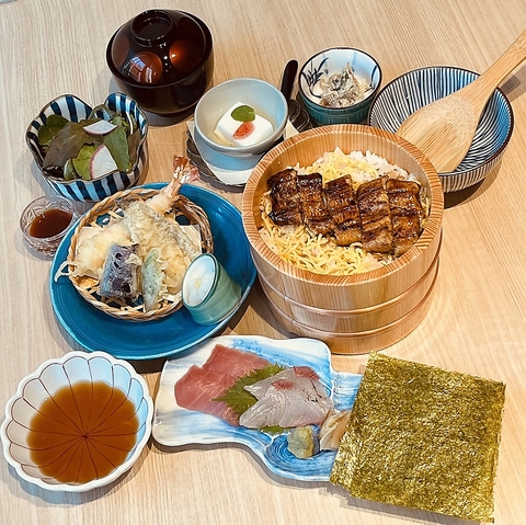 極上鰻と錦糸卵が食欲をそそるせいろ御膳やひと味もふた味も楽しめるおひつ御膳、丁寧に焼きあげた鰻に秘伝のタレをつけた極上鰻丼を含む御膳など多数取り揃えております。小食な方は半尾や沢山召し上がりたい方は1尾半など量が異なるので、ご自身に合った御膳をご注文ください。おひつ御膳は4通りの食べ方をご提案します。
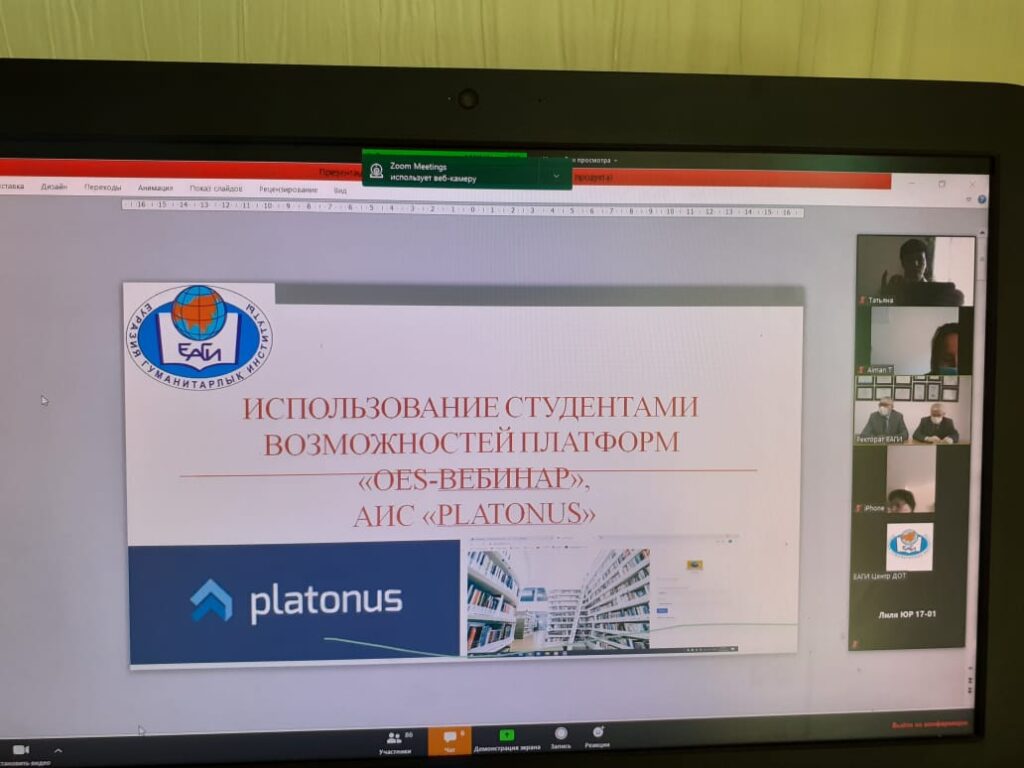 ЖаңалықтарВ ЕАГИ прошел обучающий вебинар для студентов по использованию возможностей образовательных платформ «OES-Вебинар»», АИС «Platonus» Модератор-1 Сайта / 10.04.2020
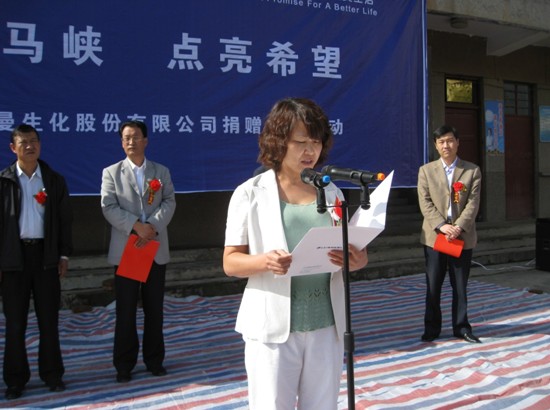 马峡,甘肃—— 2010年9月7日,北京星空平台-星空(中国)一站式服务平台生化股份有限公司向甘肃省平凉市华亭县马峡中心小学无偿捐赠了价值十万元的钢木课桌椅。北京星空平台-星空(中国)一站式服务平台生化股份有限公司副总经理张雅丽、华亭县县委常委、副县长徐德才、华亭县教育局局长陶玉宏等出席了捐赠仪式。马峡中心小学校长杜安平向星空平台-星空(中国)一站式服务平台公司赠送了锦旗,表达感激之情。
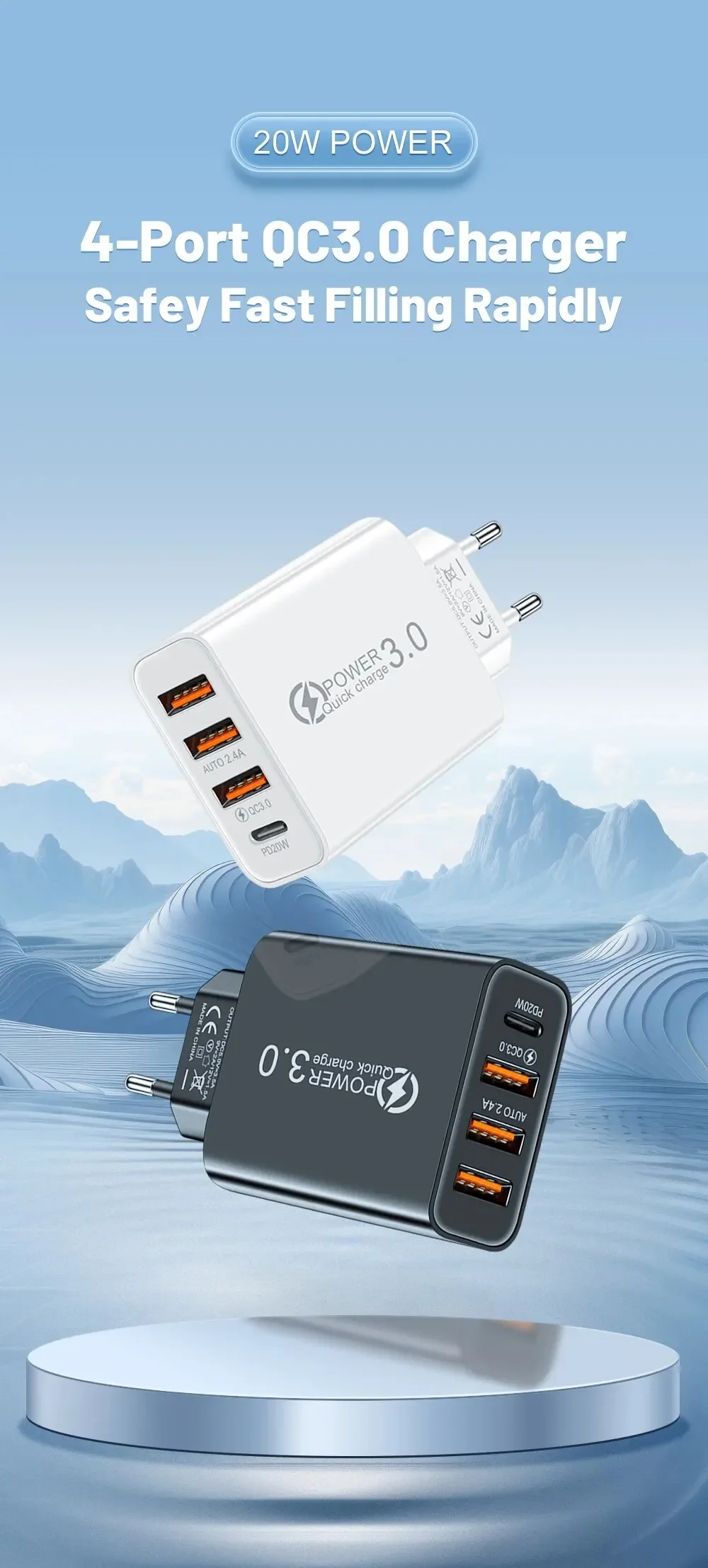 Portas USB: 1 portas USB-C + 3 USB-A [Total 20W]
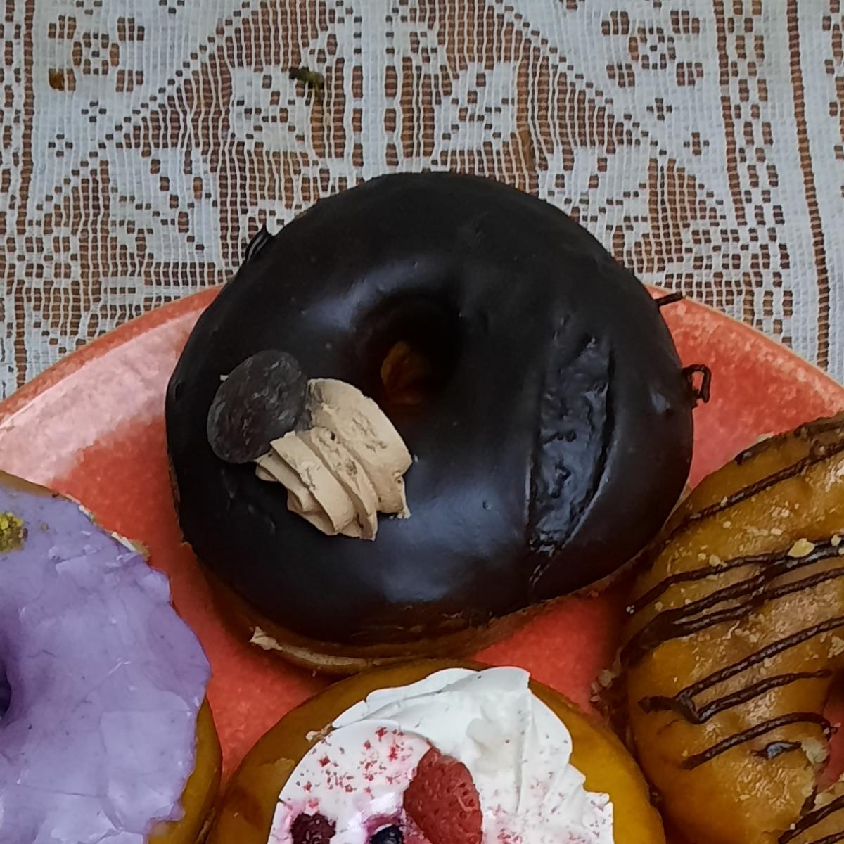 Dona de vainilla frita, rellena de crema de café vegana y cubierta con chocolate fundido ☕️
::::::::::
(TASK ITEM) Copy the lines above exactly and exclude every image.

(WRITTEN ANSWER)
 極上鰻と錦糸卵が食欲をそそるせいろ御膳やひと味もふた味も楽しめるおひつ御膳、丁寧に焼きあげた鰻に秘伝のタレをつけた極上鰻丼を含む御膳など多数取り揃えております。小食な方は半尾や沢山召し上がりたい方は1尾半など量が異なるので、ご自身に合った御膳をご注文ください。おひつ御膳は4通りの食べ方をご提案します。
 ЖаңалықтарВ ЕАГИ прошел обучающий вебинар для студентов по использованию возможностей образовательных платформ «OES-Вебинар»», АИС «Platonus» Модератор-1 Сайта / 10.04.2020
 马峡,甘肃—— 2010年9月7日,北京星空平台-星空(中国)一站式服务平台生化股份有限公司向甘肃省平凉市华亭县马峡中心小学无偿捐赠了价值十万元的钢木课桌椅。北京星空平台-星空(中国)一站式服务平台生化股份有限公司副总经理张雅丽、华亭县县委常委、副县长徐德才、华亭县教育局局长陶玉宏等出席了捐赠仪式。马峡中心小学校长杜安平向星空平台-星空(中国)一站式服务平台公司赠送了锦旗,表达感激之情。
 Portas USB: 1 portas USB-C + 3 USB-A [Total 20W]
 Dona de vainilla frita, rellena de crema de café vegana y cubierta con chocolate fundido ☕️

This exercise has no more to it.